Commitments are due at 5 p.m. ET on Oct. 15.

Credit Suisse Securities (USA) LLC, Bank of America Merrill Lynch, Deutsche Bank Securities Inc. and MCS Capital Markets are leading the deal that will help fund the merger of Progressive Solutions and PMSI.

Progressive Solutions is a pharmacy benefit manager for workers compensation.

Huntsman readies launch

Huntsman set a call for 2 p.m. ET on Thursday to launch a $1.35 billion credit facility that includes a $200 million 31/2-year revolver and a $1.15 billion seven-year term loan B, according to a market source.

The term loan B is talked at Libor plus 300 bps to 325 bps with a 0.75% Libor floor, an original issue discount of 99½ and 101 soft call protection for six months, the source said.

Proceeds will be used to help fund the acquisition of Rockwood Holdings Inc.'s performance additives and titanium dioxide businesses for about $1.1 billion in cash and assume unfunded pension liabilities estimated at $225 million as of June 30 for the Rockwood businesses.

When the acquisition was announced, the company said that it was planning on getting $1.1. billion of new money debt and increasing its revolver to $600 million from $400 million for the transaction.

Huntsman lead banks

J.P. Morgan Securities LLC, Bank of America Merrill Lynch and Citigroup Global Markets Inc. are leading Huntsman's credit facility.

The estimated total debt-to-adjusted EBITDA ratio at closing will be roughly 3.3 times. The company is targeting to bring that ratio down to the 2 times to 2.5 times area by 2015.

Closing is expected in the first half of 2014, subject to regulatory approvals and customary conditions, and Huntsman is hoping to do a public offering of the Huntsman and Rockwood combined pigments businesses within two years of closing.

Huntsman is a Salt Lake City-based manufacturer and marketer of differentiated chemicals.

Sears closes

In other news, Sears Holdings Corp. completed its $1 billion senior secured term loan due June 2018 that is priced at Libor plus 450 bps with a 1% Libor floor, according to an 8-K filed with the Securities and Exchange Commission. The debt was sold at a discount of 99 and has 101 soft call protection for one year.

During syndication, the spread on the loan firmed at the low end of the Libor plus 450 bps to 475 bps talk.

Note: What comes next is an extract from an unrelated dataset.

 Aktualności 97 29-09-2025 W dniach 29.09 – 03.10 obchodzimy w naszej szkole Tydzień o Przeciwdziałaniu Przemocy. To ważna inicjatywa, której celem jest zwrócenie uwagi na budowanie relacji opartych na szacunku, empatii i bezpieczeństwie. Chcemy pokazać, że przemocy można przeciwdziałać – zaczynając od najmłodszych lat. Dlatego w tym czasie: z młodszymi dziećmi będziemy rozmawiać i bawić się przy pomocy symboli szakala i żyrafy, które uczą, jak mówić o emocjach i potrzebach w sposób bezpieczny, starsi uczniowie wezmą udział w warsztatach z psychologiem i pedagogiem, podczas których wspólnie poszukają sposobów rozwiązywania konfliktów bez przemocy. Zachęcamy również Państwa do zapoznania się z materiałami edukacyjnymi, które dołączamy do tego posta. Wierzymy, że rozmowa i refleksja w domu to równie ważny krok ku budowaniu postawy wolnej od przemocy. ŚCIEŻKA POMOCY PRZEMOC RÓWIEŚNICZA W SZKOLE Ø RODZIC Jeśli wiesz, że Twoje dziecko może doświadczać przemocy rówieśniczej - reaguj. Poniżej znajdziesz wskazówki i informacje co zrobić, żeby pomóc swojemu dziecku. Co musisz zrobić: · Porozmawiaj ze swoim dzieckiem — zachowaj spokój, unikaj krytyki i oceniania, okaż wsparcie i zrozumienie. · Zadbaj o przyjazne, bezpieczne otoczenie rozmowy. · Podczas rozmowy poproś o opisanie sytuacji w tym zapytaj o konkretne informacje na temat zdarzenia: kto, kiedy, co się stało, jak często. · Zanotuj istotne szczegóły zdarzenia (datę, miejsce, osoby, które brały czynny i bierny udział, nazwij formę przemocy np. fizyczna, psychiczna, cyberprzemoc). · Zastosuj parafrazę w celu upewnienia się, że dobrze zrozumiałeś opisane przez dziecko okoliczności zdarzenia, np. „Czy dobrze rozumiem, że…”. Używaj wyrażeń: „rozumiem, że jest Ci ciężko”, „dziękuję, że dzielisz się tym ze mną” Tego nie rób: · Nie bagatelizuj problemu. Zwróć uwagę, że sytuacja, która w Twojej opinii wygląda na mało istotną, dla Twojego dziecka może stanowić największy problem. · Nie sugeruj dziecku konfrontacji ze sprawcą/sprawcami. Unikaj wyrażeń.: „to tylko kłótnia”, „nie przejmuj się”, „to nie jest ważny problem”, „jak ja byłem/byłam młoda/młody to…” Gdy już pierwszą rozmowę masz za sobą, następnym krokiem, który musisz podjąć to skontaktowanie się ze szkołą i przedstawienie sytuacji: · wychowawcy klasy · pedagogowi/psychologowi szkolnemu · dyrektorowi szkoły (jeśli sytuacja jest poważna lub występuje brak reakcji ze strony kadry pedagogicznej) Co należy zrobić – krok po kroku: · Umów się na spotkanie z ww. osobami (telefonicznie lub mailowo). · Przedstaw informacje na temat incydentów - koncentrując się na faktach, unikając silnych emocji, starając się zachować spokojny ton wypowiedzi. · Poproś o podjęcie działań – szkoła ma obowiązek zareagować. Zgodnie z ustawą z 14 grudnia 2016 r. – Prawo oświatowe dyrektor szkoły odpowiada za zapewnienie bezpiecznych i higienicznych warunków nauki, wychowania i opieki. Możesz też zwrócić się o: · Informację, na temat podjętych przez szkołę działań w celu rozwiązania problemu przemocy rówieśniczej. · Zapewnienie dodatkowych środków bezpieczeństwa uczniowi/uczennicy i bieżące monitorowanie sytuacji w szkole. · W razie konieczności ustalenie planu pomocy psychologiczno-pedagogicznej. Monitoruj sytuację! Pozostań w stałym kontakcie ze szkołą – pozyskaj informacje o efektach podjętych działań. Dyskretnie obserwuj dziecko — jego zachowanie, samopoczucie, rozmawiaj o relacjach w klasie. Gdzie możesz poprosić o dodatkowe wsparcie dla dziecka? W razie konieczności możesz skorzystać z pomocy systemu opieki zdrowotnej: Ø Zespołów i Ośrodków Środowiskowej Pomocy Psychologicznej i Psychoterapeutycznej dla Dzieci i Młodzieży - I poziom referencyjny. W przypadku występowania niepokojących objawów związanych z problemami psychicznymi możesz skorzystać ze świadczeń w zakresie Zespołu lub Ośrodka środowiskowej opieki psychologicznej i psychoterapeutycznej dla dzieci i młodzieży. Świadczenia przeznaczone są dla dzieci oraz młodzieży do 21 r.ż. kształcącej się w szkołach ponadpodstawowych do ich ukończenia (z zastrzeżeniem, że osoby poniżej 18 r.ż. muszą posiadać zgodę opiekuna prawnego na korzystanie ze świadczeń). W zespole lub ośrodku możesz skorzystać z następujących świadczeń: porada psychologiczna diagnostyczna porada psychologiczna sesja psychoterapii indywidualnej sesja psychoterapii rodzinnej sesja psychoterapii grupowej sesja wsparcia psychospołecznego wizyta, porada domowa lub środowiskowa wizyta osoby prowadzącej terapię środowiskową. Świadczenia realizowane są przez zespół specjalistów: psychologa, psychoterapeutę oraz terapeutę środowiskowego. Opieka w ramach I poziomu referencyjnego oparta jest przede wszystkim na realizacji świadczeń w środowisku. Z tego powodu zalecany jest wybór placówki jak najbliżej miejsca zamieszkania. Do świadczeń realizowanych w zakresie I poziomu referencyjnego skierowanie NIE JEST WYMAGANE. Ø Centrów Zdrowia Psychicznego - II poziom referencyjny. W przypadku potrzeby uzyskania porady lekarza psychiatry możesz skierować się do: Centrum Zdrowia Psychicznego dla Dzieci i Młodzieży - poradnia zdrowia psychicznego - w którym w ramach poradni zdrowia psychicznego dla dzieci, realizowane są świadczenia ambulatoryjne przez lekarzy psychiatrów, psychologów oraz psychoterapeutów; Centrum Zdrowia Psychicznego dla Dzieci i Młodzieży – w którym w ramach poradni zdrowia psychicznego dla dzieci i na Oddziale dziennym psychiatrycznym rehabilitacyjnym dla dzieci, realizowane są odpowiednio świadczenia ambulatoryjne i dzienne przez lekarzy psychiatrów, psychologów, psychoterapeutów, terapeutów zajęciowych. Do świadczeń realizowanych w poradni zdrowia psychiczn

Bank of America Merrill Lynch led the deal that was used to pay down borrowings under the company's existing $3,275,000,000 asset-based revolving credit facility.

Sears is a Hoffman Estates, Ill.-based retailer.

HUB wraps

Hellman & Friedman LLC closed on its buyout of HUB International Ltd., a Chicago-based insurance brokerage, a news release said.

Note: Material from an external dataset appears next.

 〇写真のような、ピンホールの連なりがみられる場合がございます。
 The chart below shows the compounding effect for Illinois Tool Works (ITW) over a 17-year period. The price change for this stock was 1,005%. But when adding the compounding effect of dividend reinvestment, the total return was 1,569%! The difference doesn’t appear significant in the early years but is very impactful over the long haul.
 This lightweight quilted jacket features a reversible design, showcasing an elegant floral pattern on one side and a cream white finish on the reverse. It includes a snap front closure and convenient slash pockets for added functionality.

For the transaction, HUB got a new $2,145,000,000 credit facility (B1) that includes a $225 million five-year revolver, a C$50 million five-year revolver and a $1.87 billion seven-year term loan B.

Pricing on the B loan is Libor plus 375 bps with a 1% Libor floor and it was sold at an original issue discount of 991/2. There is 101 soft call protection for six months.

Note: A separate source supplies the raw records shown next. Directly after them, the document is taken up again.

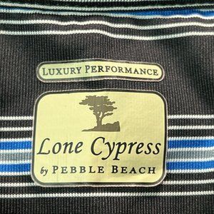 Lone Cypress Pebble Beach Golf Polo Shirt Men's Medium Blue Striped Short-sleeve Luxury Performance *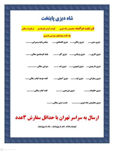 انواع دیزی زغالی وطعم دار وپاچه گوسفندی وسیراب شیردون با پخت وارسال در ظروف سفالی با پک کامل درب آن ارسال سریع به سراسر منطقه 21 و22 تهران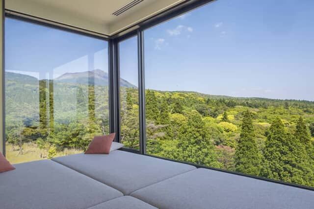 特別室には建物から張り出したガラス張りのパノラマルームを備えていて、柔らかなマットの上でくつろぎながら270度の絶景を満喫。写真左手の小高い峰が、ニニギノミコトが降臨し9本の逆さ鉾を突き立てた高千穂峰(1,574m)。神話の舞台を間近に見られる驚きの客室です。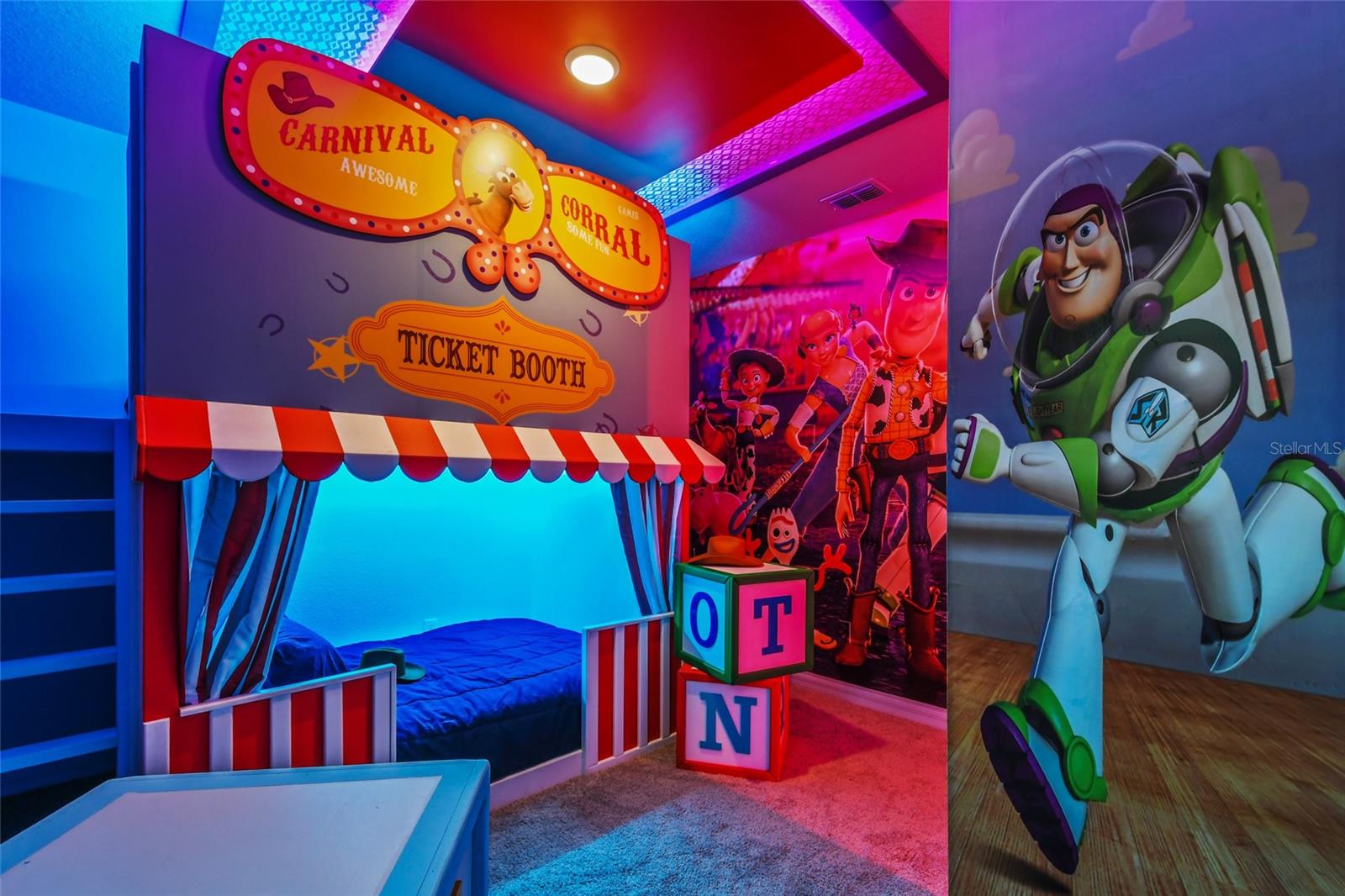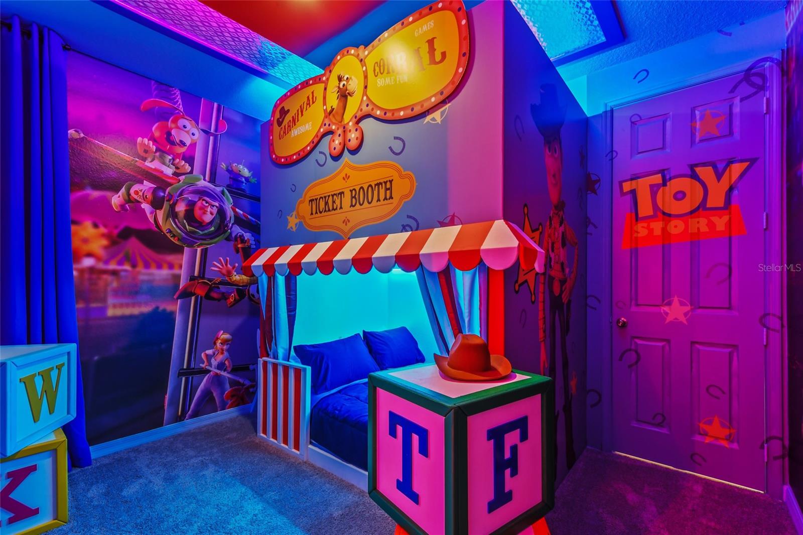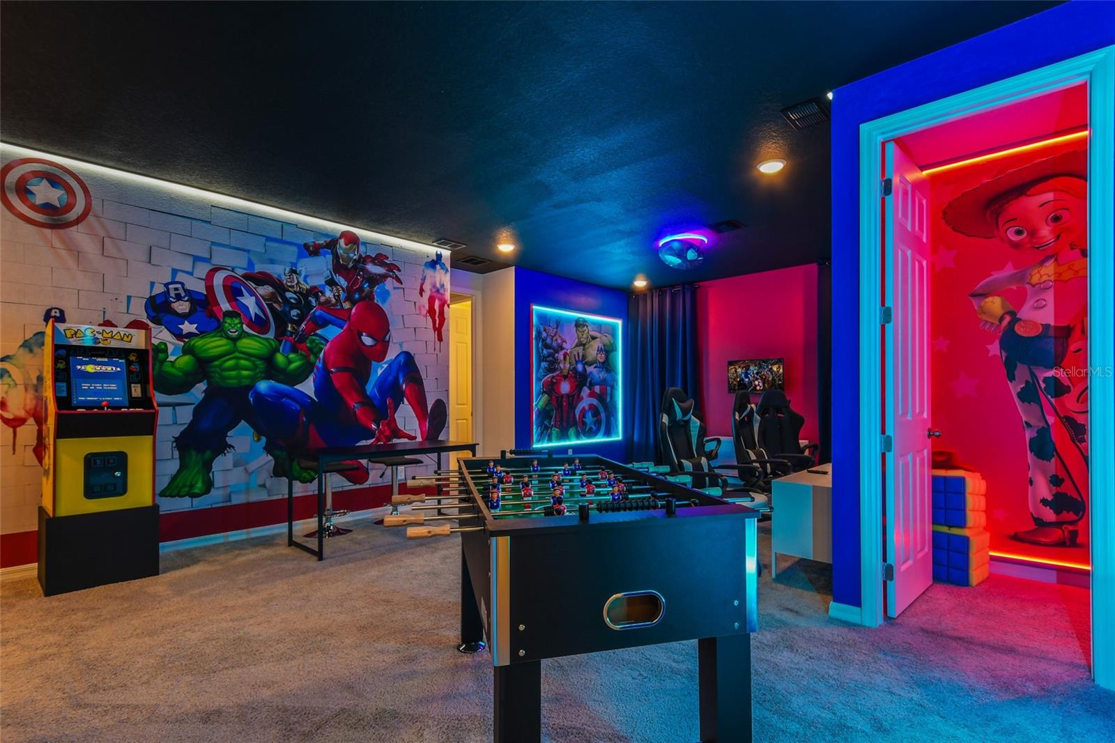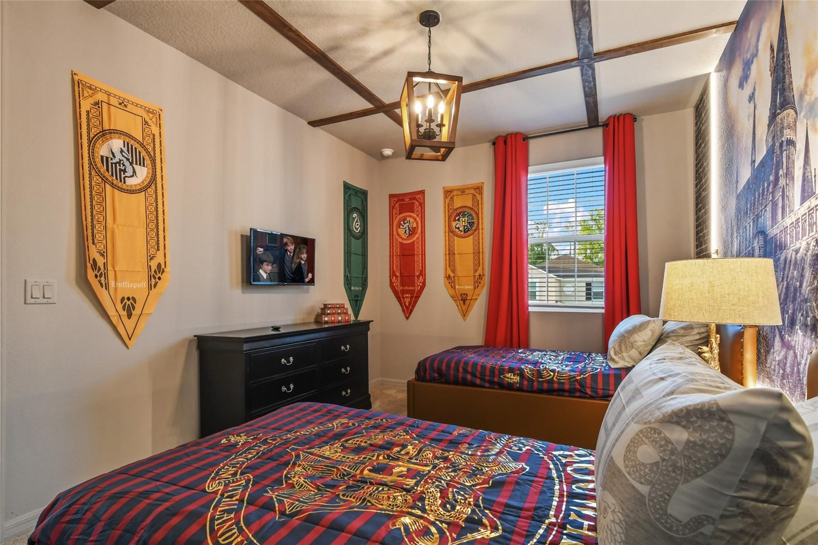 PRICED TO SELL! TURNKEY INCOME PRODUCING SHORT-TERM RENTAL HOME! This property generated approximately $80k in gross rental income so far in 2024 with more future bookings, presenting a lucrative opportunity for investors looking to capitalize on the thriving rental market in the area! Welcome to the resort-style paradise at Solara Resort, where luxury living and vacationing blend seamlessly. Nestled approximately 8 miles from Walt Disney World and within a short drive to Universal, SeaWorld, and the popular I-Drive, this gated resort community is your gateway to the heart of all the magic Orlando and Central Florida has to offer. This stunning 9-bedroom, 6.5-bathroom property, built in 2022, is tastefully decorated and features a private pool. The interior boasts tile flooring with an elegant, resort-like charm and upgraded lighting. Every corner of the house is designed with meticulous attention to detail, making it feel like a page from a designer magazine brought to life. The home features two primary suites, one on each floor, offering flexibility and privacy for every member of your party. The first floor includes an additional guest bedroom suite, while the second floor, with a few themed bedrooms, transports you to different worlds of wonder. The kitchen's stunning granite countertops and gleaming stainless steel appliances are a chef's dream. Upstairs, you'll find more bedrooms and a large loft turned into a media room, providing plenty of space for family and guests. Additionally, the two-car garage has been converted into a game room, offering endless fun for guests. Open the sliders, and you'll find a covered patio and a screen-enclosed private heated pool, providing a serene backdrop for your relaxation. Solara Resort's amenities seem endless: a heated grand pool, surf simulator, a fantastic bar and grill, a coffee bar, and a sundries store. For those who enjoy exercise and the outdoors, the fitness center and outdoor fitness lawn allow you to keep up your daily exercise routines. Other exciting amenities include a sand volleyball court, soccer field, full-sized basketball court, indoor and outdoor lounges, workstations, a tween/teen hangout center, and a playground. And let's not forget the pool bar and poolside cabanas. Your dream vacation home awaits at Solara Resort. Here, you'll find all the elements of a perfect getaway: luxury, adventure, and a home that embraces you with warmth and style.

During syndication, the term loan B was upsized from $1,785,000,000 as the company's bong offering was downsized to $950 million from $1,035,000,000, pricing firmed at the tight end of the Libor plus 375 bps to 400 bps talk and the discount was revised from 99.

Morgan Stanley Senior Funding Inc., Bank of America Merrill Lynch and RBC Capital Markets acted as the joint lead arrangers on the deal and joint bookrunners with BMO Capital Markets, Macquarie Capital and UBS Securities LLC.